## YOUR OBJECTIVE
An exact copy of every entry is needed, with the images left out.

(Stored items)
+++++

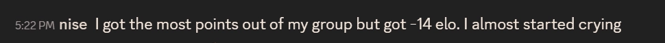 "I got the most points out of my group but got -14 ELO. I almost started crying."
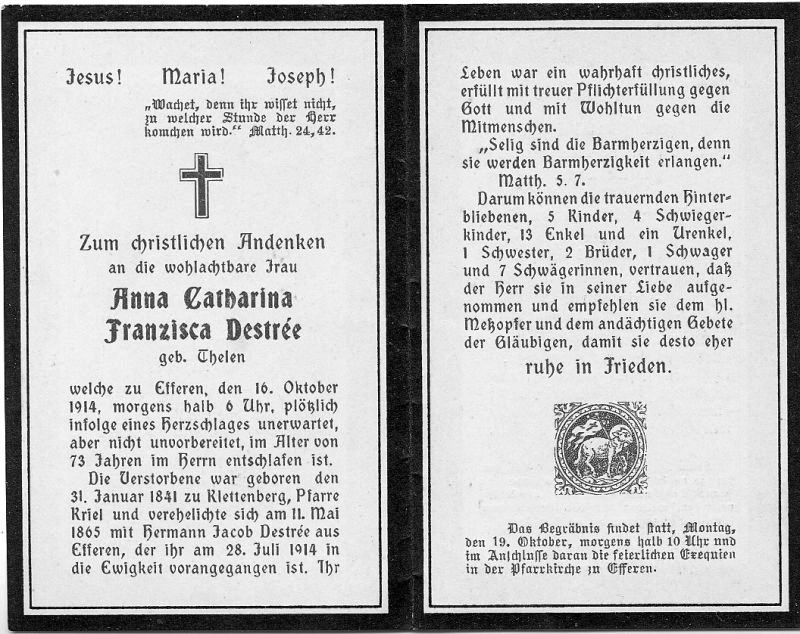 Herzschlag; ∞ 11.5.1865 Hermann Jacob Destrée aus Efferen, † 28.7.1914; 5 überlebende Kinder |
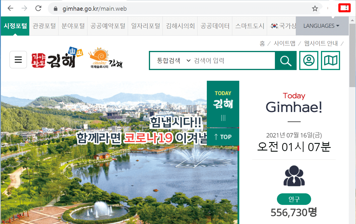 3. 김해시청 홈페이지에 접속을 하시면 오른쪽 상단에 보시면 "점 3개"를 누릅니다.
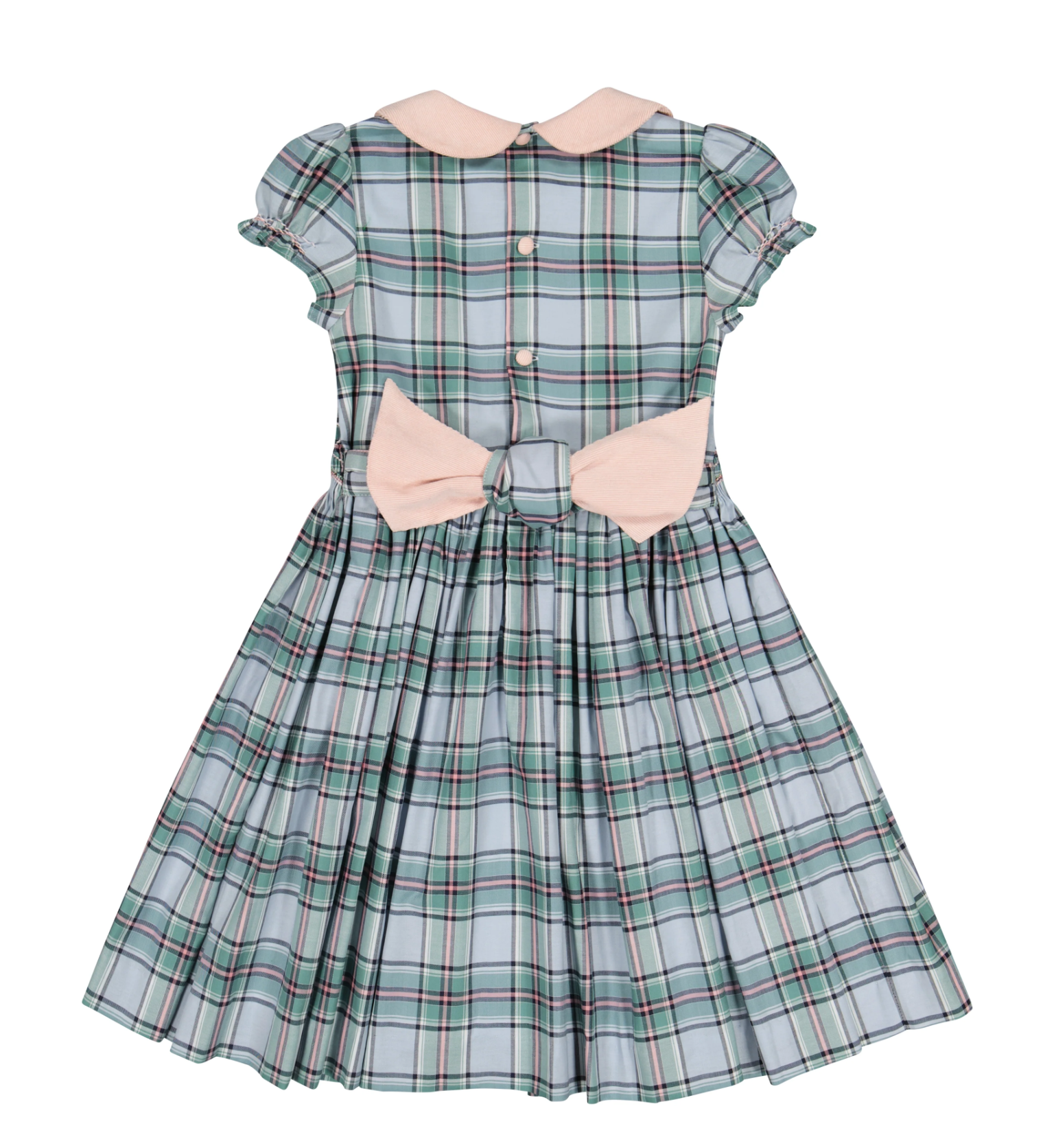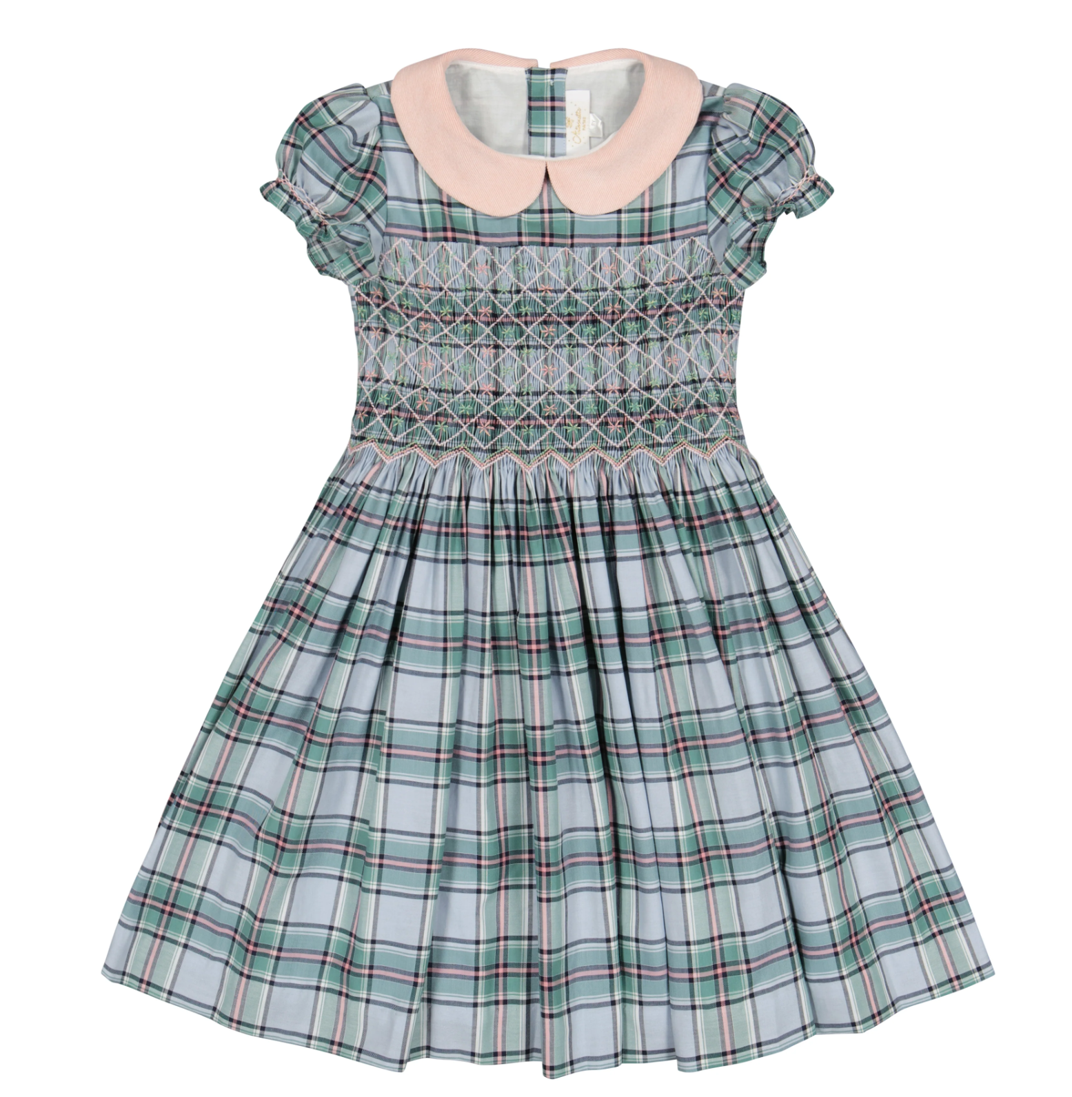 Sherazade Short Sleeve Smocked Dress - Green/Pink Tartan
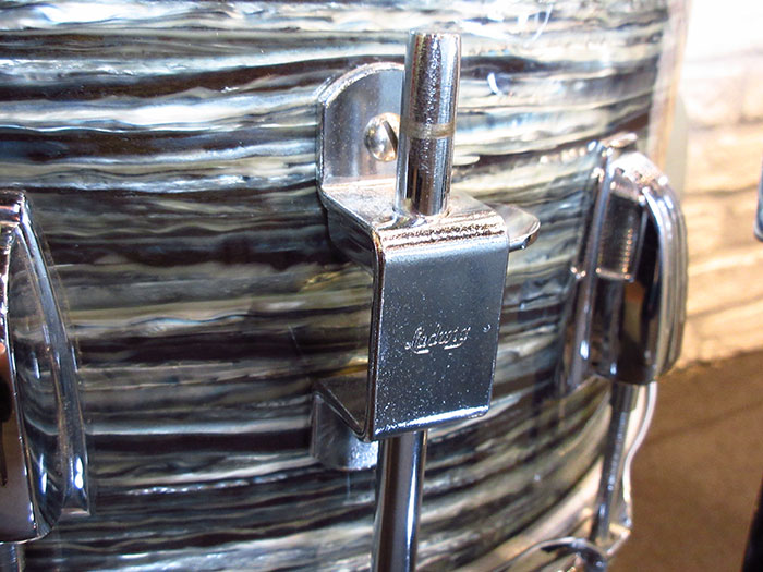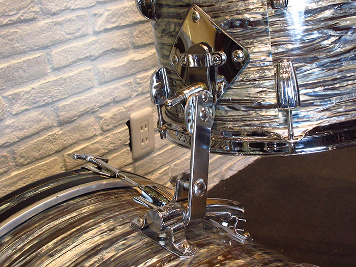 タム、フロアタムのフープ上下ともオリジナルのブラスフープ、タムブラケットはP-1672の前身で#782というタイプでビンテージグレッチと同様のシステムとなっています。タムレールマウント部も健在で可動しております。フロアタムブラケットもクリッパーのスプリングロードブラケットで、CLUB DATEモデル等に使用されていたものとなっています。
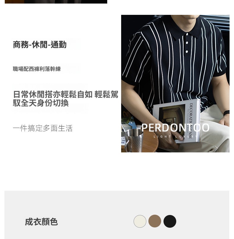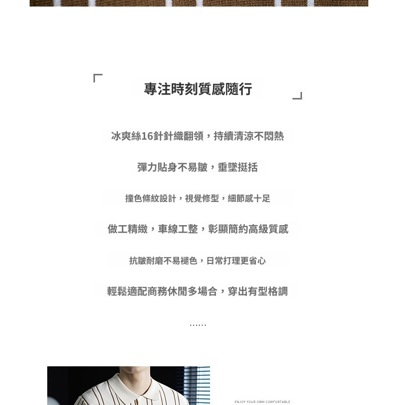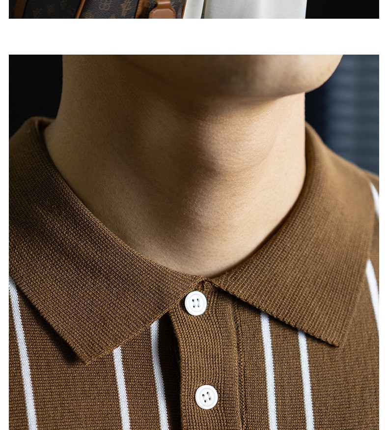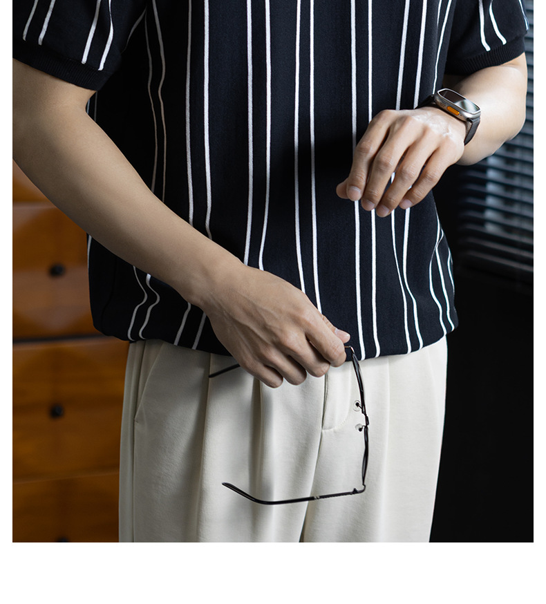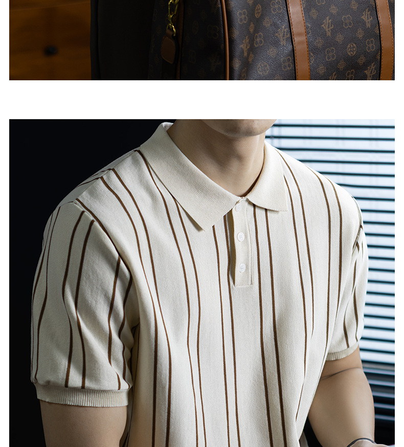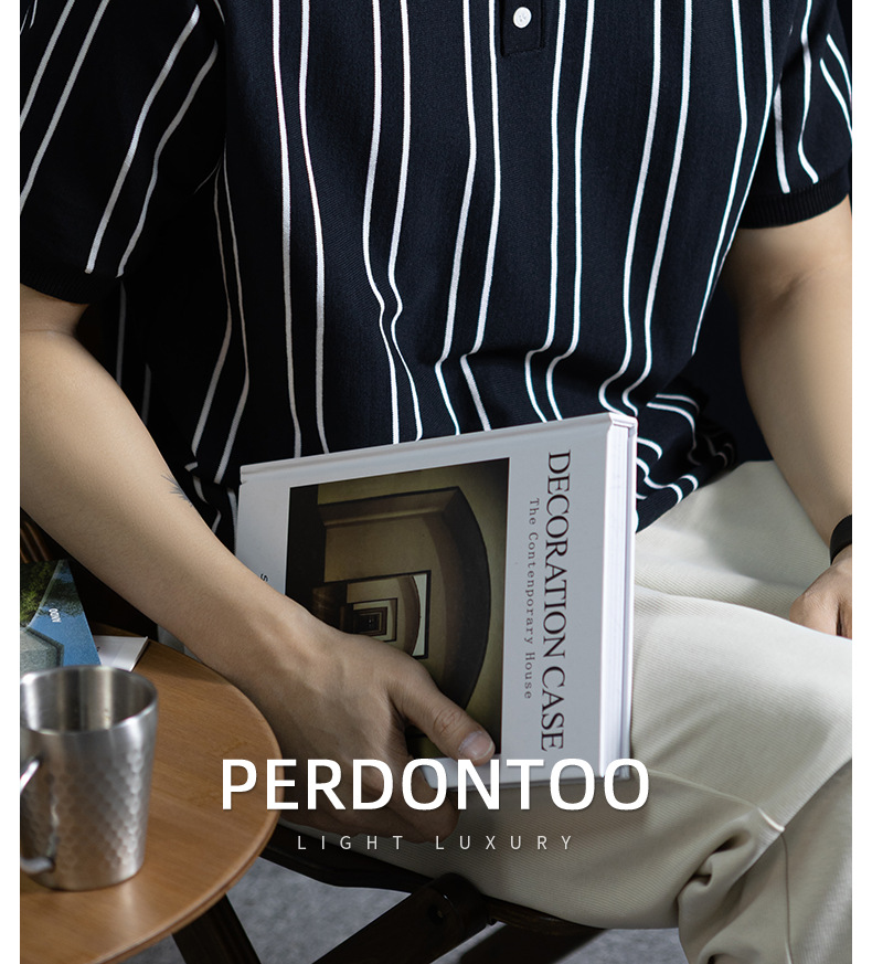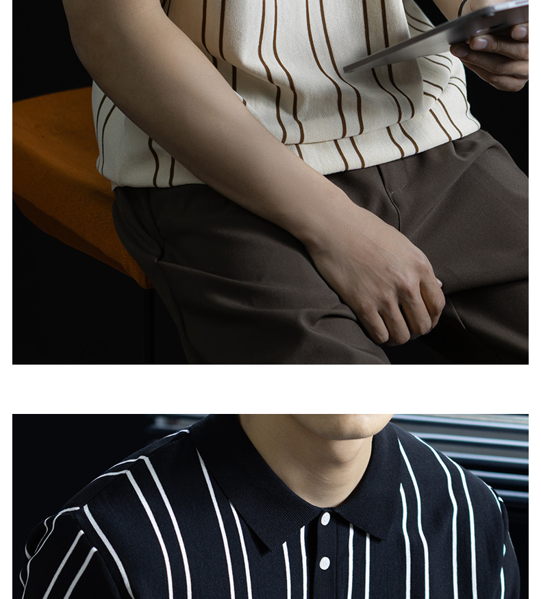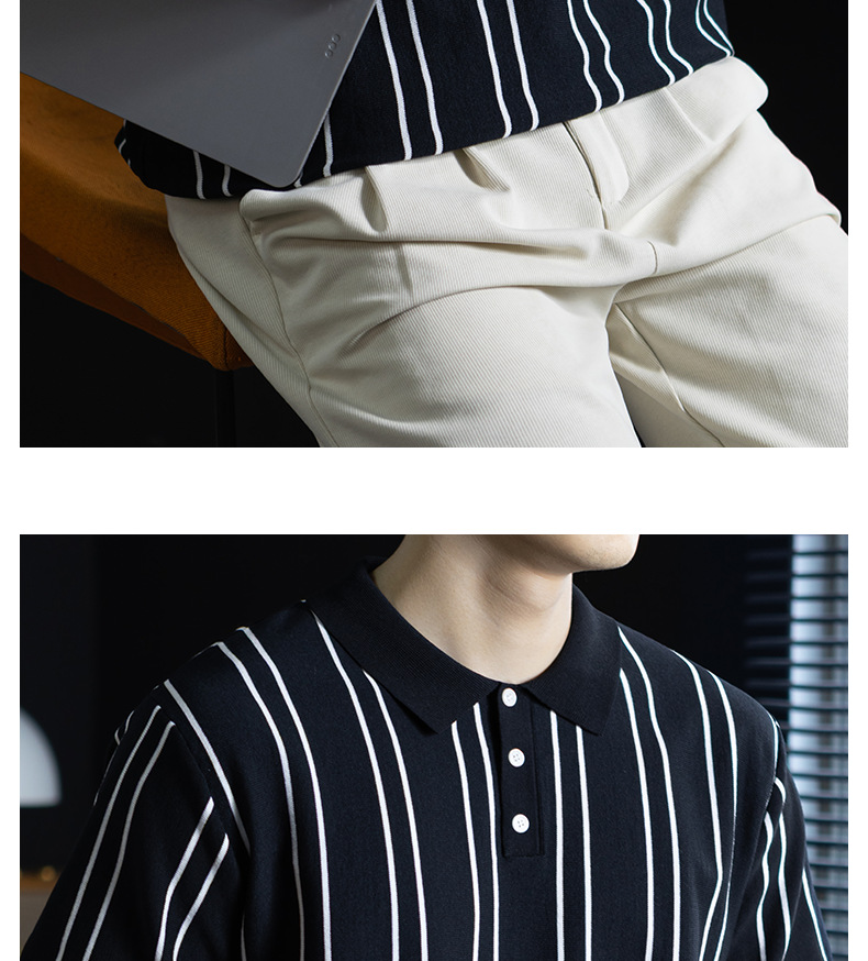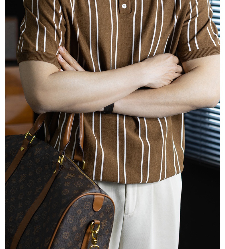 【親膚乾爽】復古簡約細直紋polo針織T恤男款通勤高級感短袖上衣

+++++

## REPLY
 "I got the most points out of my group but got -14 ELO. I almost started crying."
 Herzschlag; ∞ 11.5.1865 Hermann Jacob Destrée aus Efferen, † 28.7.1914; 5 überlebende Kinder |
 3. 김해시청 홈페이지에 접속을 하시면 오른쪽 상단에 보시면 "점 3개"를 누릅니다.
 Sherazade Short Sleeve Smocked Dress - Green/Pink Tartan
 タム、フロアタムのフープ上下ともオリジナルのブラスフープ、タムブラケットはP-1672の前身で#782というタイプでビンテージグレッチと同様のシステムとなっています。タムレールマウント部も健在で可動しております。フロアタムブラケットもクリッパーのスプリングロードブラケットで、CLUB DATEモデル等に使用されていたものとなっています。
 【親膚乾爽】復古簡約細直紋polo針織T恤男款通勤高級感短袖上衣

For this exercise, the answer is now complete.